Objective A safety threshold for baseline rhythm R-wave amplitudes during follow-up of implantable cardioverter defibrillators (ICD) has not been established. We aimed to analyse the amplitude distribution and undersensing rate during spontaneous episodes of ventricular fibrillation (VF), and define a safety amplitude threshold for baseline R-waves.
Methods Data were obtained from an observational multicentre registry conducted at 48 centres in Spain. Baseline R-wave amplitudes and VF events were prospectively registered by remote monitoring. Signal processing algorithms were used to compare amplitudes of baseline R-waves with VF R-waves. All undersensed R-waves after the blanking period (120 ms) were manually marked.

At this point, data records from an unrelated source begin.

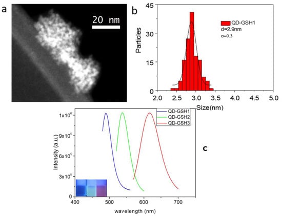 HAADF image (a), as well as the histogram displaying particle size distribution (b) of quantum dot (QD)-GSH1 NPs. (c) PL-emission spectra for QD-GSH1 (blue) as well as for QD-GSH2 (green) and QD-GSH3 (red), with higher average size. The inset in this figure shows a digital photo image of the three QD-GSH colloidal solutions used in this figure, under UV irradiation.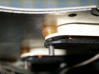 ピックアップ高さ調整用のスプリングにはゴムチューブを切断したものを使用。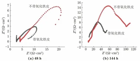 图8 经过不同时间盐雾腐蚀试验后有无氧化铁皮试样在3.5%NaCl溶液中的Nyquist图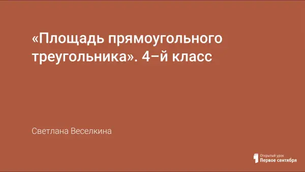 Учащиеся знакомятся с понятием «площадь прямоугольного треугольника», самостоятельного решают проблему. Изучается алгоритм нахождения площади прямоугольного треугольника, понятие «катет» и «гипотенуза».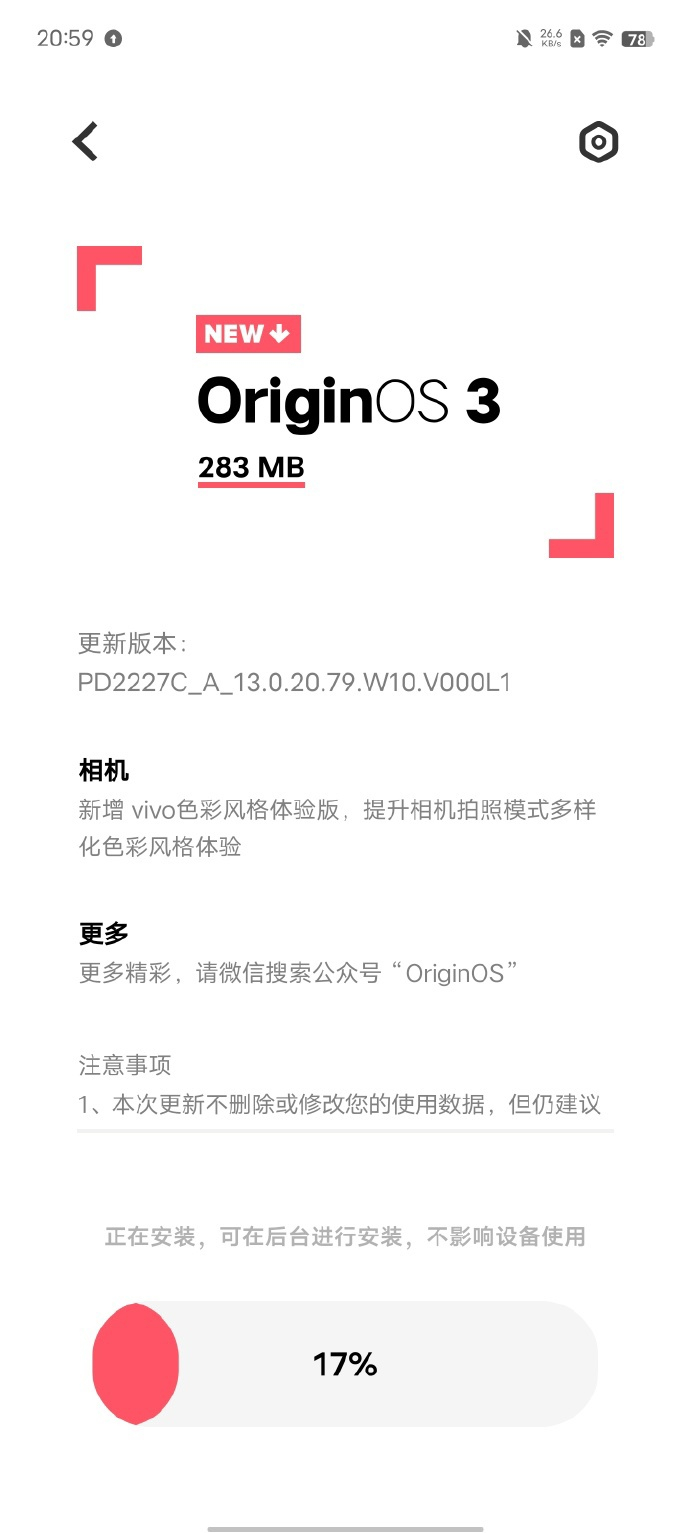 IT之家 5 月 9 日消息,数码博主“i 冰宇宙”微博晒出的图片显示,vivo X90 Pro + 内部测试版推送 OriginOS 3 新版本更新,版本号 PD2227C_A_13.0.20.79.W10.V00L1,下载包大小 283MB,新增了第三种色彩风格:Demo X。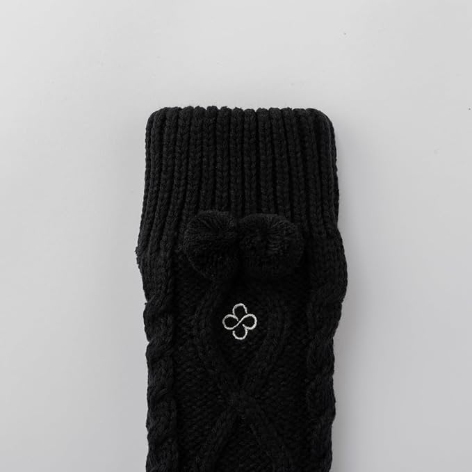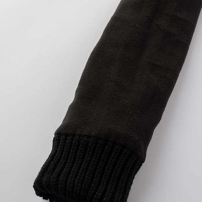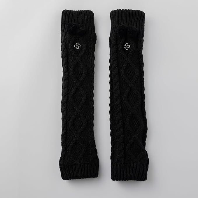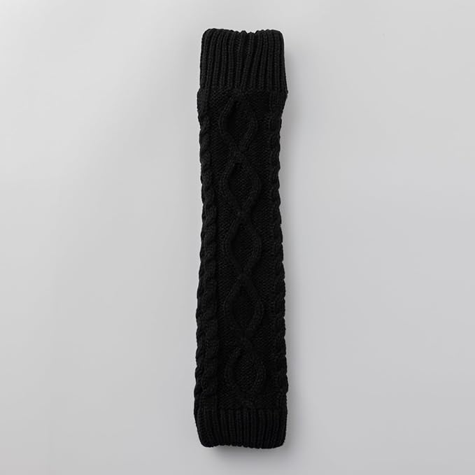 ベーシックデザインのケーブル編みレッグウォーマー。表ニット+裏フリース、防寒に役立つあったかレッグウォーマーです。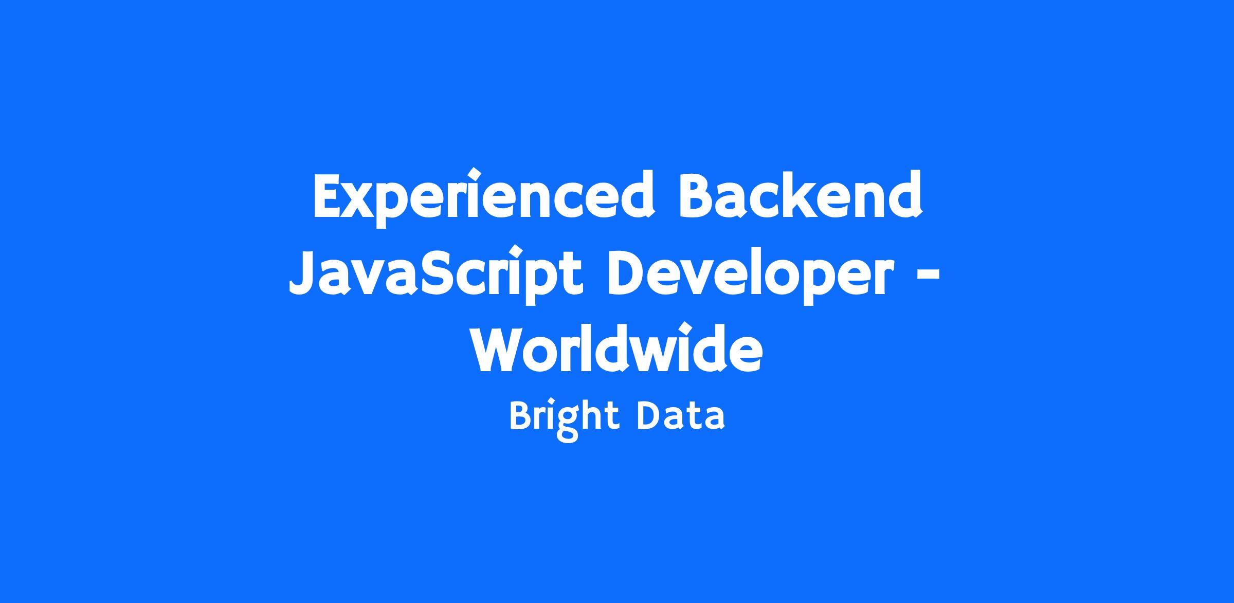 Experienced Backend JavaScript Developer - Worldwide

Results We studied 2507 patients from August 2011 to September 2014, which yielded 229 VF episodes (cycle length 189.6±29.1 ms) from 83 patients that were suitable for R-wave comparisons (follow-up 2.7±2.6 years). The majority (77.6%) of VF R-waves (n=13953) showed lower amplitudes than the reference baseline R-wave. The decrease in VF amplitude was progressively attenuated among subgroups of baseline R-wave amplitude (≥17; ≥12 to <17; ≥7 to <12; ≥2.2 to <7 mV) from the highest to the lowest: median deviations −51.2% to +22.4%, respectively (p=0.027). There were no significant differences in undersensing rates of VF R-waves among subgroups. Both the normalised histogram distribution and the undersensing risk function obtained from the ≥2.2 to <7 mV subgroup enabled the prediction that baseline R-wave amplitudes ≤2.5 mV (interquartile range: 2.3–2.8 mV) may lead to ≥25% of undersensed VF R-waves.
Conclusions Baseline R-wave amplitudes ≤2.5 mV during follow-up of patients with ICDs may lead to high risk of delayed detection of VF.
Trial registration number NCT01561144; results.